Data Interoperability
From GRDI2020
This is a GRDI challenge; return to Main Page with all the challenges and recommendations
Contents |
Introduction
“The ability of two or more systems or components to exchange information and to use the information that has been exchanged” (IEEE definition)
As data is shared between technological and organisational contexts, a set of challenges may occur, which can be clustered in three levels:
- syntactic - data can be read on a machine-level. This includes the identification and retrieval of data. (Metaphor: Take a book from the bookshelf and browse it.)
- structural - data can be interpreted on a logical level. This includes the interpretation of the data format through machines, and it enables automatic services like format conversion (Metaphor: Recognise pages, chapters and other structural entities in a book; even if the book is written in a foreign language.)
- semantic - data is meaningful for machine and/or human consumption. This may include the comprehension of the data's content and context through metadata and references to related documents, and it may enable services like (semi-)automatic data fusion or information extraction.(Metaphor: Understand the content and purpose of the book. If it is a cookbook, the consumer might be able to - with the proper tools and skills - make a recipe.)
Eventually, data is worthless without semantics, and all levels of interoperability need to be covered, for large-scale federated systems as much as for singular interaction between two agents. Interoperability can either be achieved through shared standards or by mediating between different data types. The two approaches are conceptually different, in that standards (global-as-view) enable a single interpretation across the whole ecosystem, whereas mediation (local-as-view) focuses on the relationship between specific sources. Both methods may incur information loss when converting away from a native format, and eventually an approach needs to be modeled with the expected use in mind and needs to be agreed upon by all stakeholders.

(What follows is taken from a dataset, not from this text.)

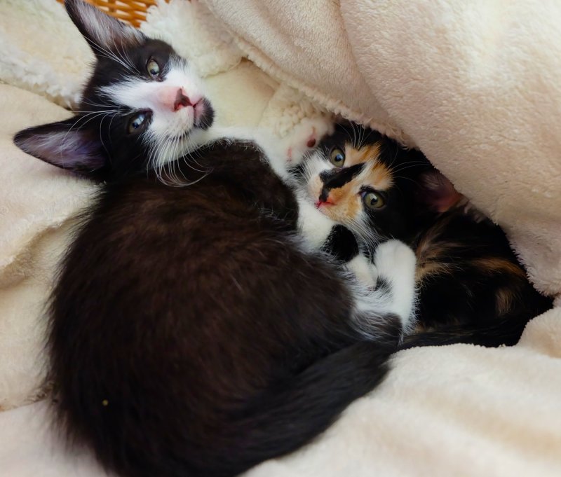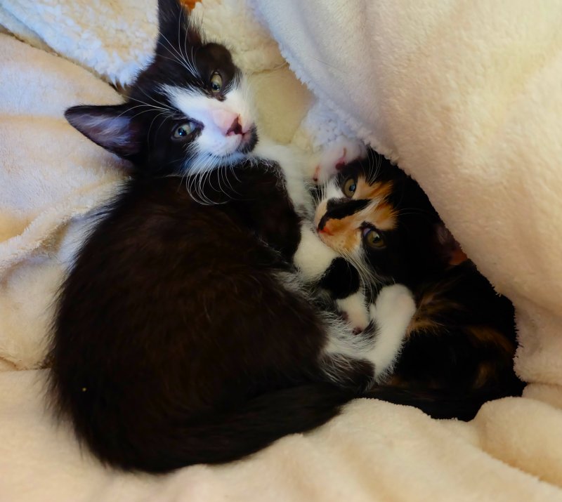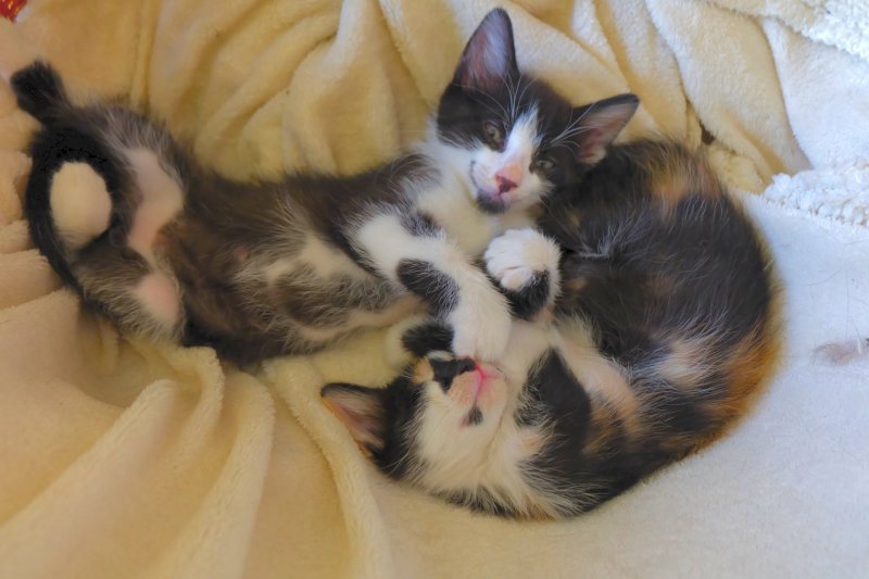 Leur maman a été recueillie par l’une des bénévoles de l’association, ils cherchent donc une famille d’amour pour la vie. Ils adorent jouer ensemble et sont tout perdus quand ils ne se voient plus, ils se mettent alors à s’appeler jusqu’à ce que l’un ou l’autre n’arrive en courant pour rassurer le premier, ce qui fonctionne à merveille. Ils sont vraiment adorables ! Les regarder évoluer apporte un bien-être sans égal.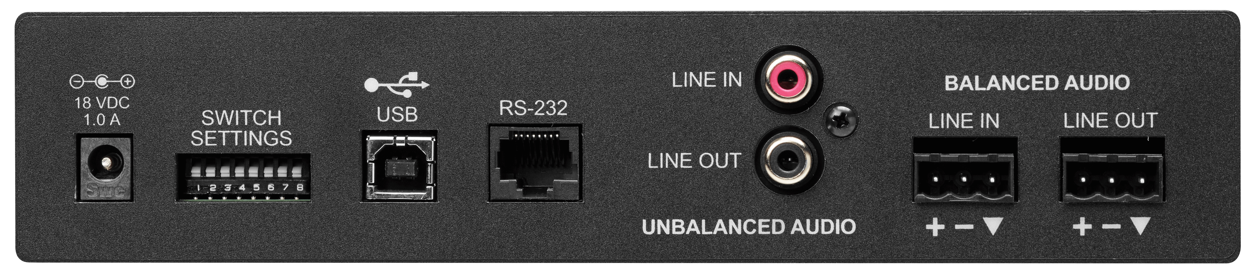 - Unbalanced Line-Ein- und Ausgänge (Mono Consumer Level Eingang (-10dB) auf RCA und Mono-Consumer-Pegelausgang auf RCA)

How can we implement interoperability within disciplines and move to an overarching multi-disciplinary way of understanding and using data? How can we find unfamiliar but relevant data resources beyond simple keyword searches, but involving a deeper probing into the data? How can automated tools find the information needed to tackle unfamiliar data? (from: HLEG on Scientific Data)
10-year vision
10 years from now, there will be mechanisms embedded into data infrastructure that assist in the translation and cleaning-up of data between distinct formats and data paradigms (e.g. relational data vs. XML vs. file-based). These mechanisms will be automatic where feasible, and otherwise capable of learning interactively as users guide on interoperability paths.
For example, in the digitisation of Irish 1901 and 1911 census records data needs to be converted from digitised images, to full-text, to tabular data in order to be useful and searchable in a tailored manner. OCR will need to be supplemented with manual correction, and information extraction on the plain-text may subsequently be improved through "teaching" the information extraction tool the template and the context of census files.
Challenges and Recommendations
The following recommendations address this challenge:
- Support disciplinary data infrastructures in building networks of boundary objects
- Research and deploy services to cover a mediation function
- Facilitate interoperability across preservation infrastructures
And by preservation infrastructure we mean the infrastructure that will provide digital preservation as: long-term, error-free storage of digital information, with means for retrieval and interpretation, for the entire time span the information is required for. Solving it is also a prerequisite for solving issues such as developing easy-to-use service interfaces.